Kendine muhalif gördüğü kimselerden bir, ya da bir kaçını öldürtmediği gün, yani kan dökmediği bir gün başını yastığa koyamadığı rivâyet edilir.
* * *
Troçki'ye göre, bir sosyalist devlet, tek başına kapitalist güçlerin baskısına direnemezdi.
O, bu sebeple, sosyalizmin tek bir ülke ile sınırlı kalmasının doğru olmadığı fikrini savunuyordu.
Bundan dolayıdır ki, Troçki, dinî değerleri bütünüyle hayattan dışlayan bu rejimin, adım adım bütün dünyaya yayılması ve bütün insanlığa mal edilmesi gerektiği şeklindeki temel görüşünü hayatının sonuna kadar savundu.
* * *
Kısaca “Enternasyonal sol akım” olarak da ifade edilen Troçkizm, bugün de dünyanın hemen her tarafında mücadele veren bir fikrî ve siyasî cereyandır. Avrupa'da, Latin Amerika’da, bilhassa Sri Lanka ve Arjantin gibi ülkelerde, bu siyasî akım, gücünü hâlâ yer yer hissettirebiliyor.
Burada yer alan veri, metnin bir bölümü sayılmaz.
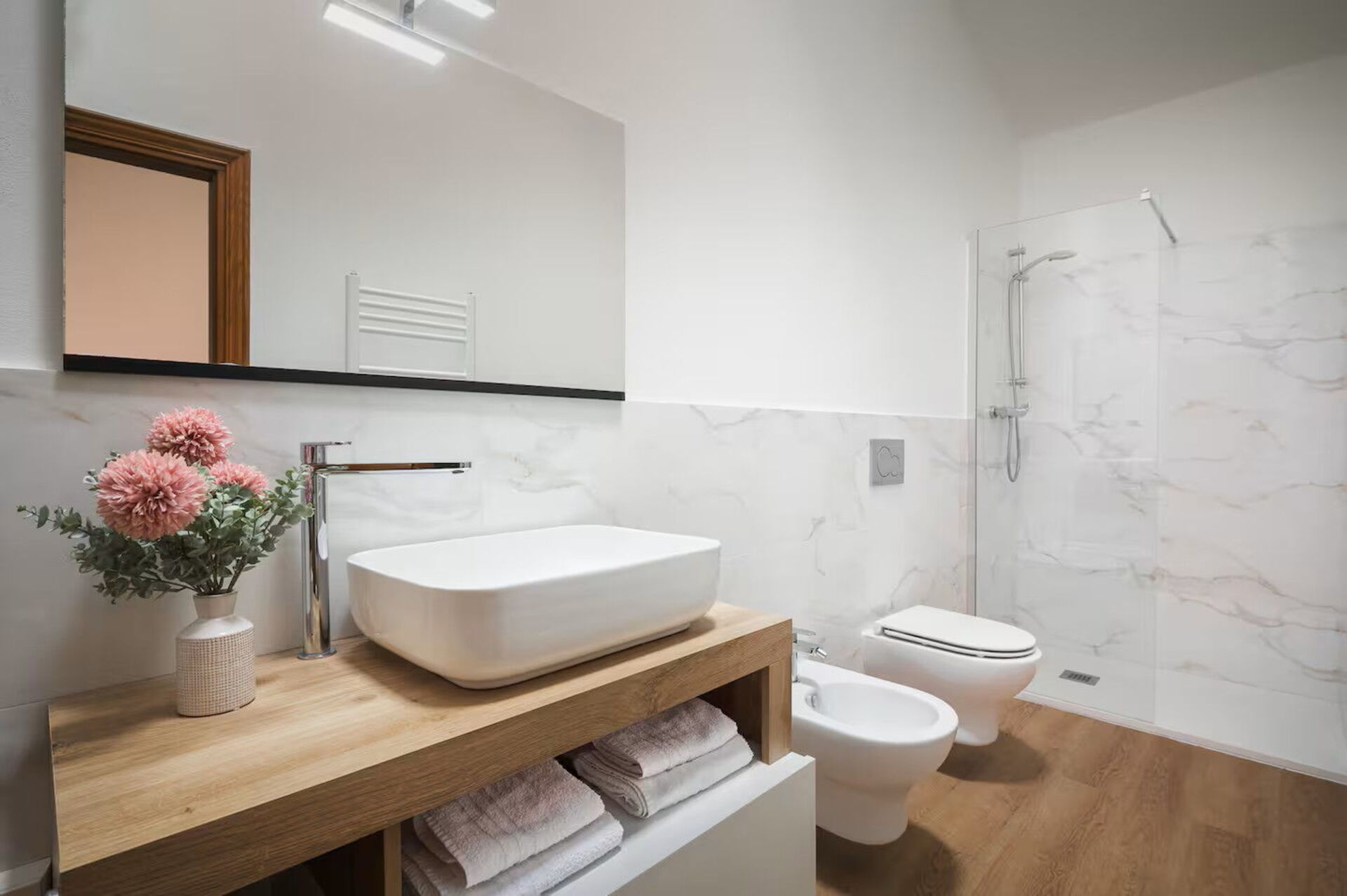 Ground floor: kitchen, pellet fireplace, double bedroom, bedroom with 2 single beds, 2 bathrooms with shower.

Komünist Rusya ile Kemalist Türkiye arasındaki benzerlikler
Komünist Rusya'nın üç büyük lider tarafından yönetildiği 1923–24'lü yıllarda, Kemalist Türkiye'nin başında da üç kişilik güçlü bir lider kadrosu (M. Kemal, İsmet ve Fevzi Paşalar) vardı.
Birbiriyle büyük benzerlik arz eden bu tablo, tarihin ender rastlantılarından birini teşkil ediyor.
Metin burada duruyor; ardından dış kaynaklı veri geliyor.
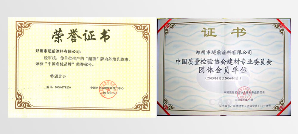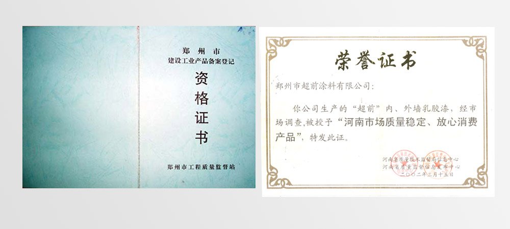 • 2002年評為“國家質(zhì)檢合格建材綠色環(huán)保產(chǎn)品”、 “河南市場質(zhì)量穩(wěn)定、放心消費產(chǎn)品”

Gariptir ki, her iki ülkenin liderleri de, bulundukları coğrafyada aynı dünya görüşünü paylaşmak ve aynı cereyana hizmet etmekle birlikte, kendi aralarında gizli bir rekabet vaziyetini takınmışlar.
Rekabet hali su yüzüne çıkınca, çatışma da kaçınılmaz olmuş.
Lenin, ölmeden önce Stalin'e dikkat çekmiş ve onun frenlenmesini istemişti.
Stalin ise, Troçki'yi son derece tehlikeli bularak, onu hudut haricine çıkmaya mecbur etti.
Türkiye'deki durumun da bununla ciddî benzerlikleri var.
M. Kemal, ömrünün son yıllarında İsmet Paşayı dışlamış, yerine Celal Bayar'ı getirtmişti.
İsmet Paşa ise, ellerine dizginleri tam olarak geçirdikten hemen sonra, önce Bayar'ı, ardından da Fevzi Paşayı harcamıştır.
Rusya'daki komünist liderler, ülkenin geneline hâkim durumdaki Hıristiyanlık diniyle mücadele edip, sosyal hayatı dinî değerlerden tecrit etmeye çalıştılar.
Kemalist Türkiye'sinin liderleri ise, doğrudan İslâm dinini hayatın her alanından soyutlamaya gayret ettiler.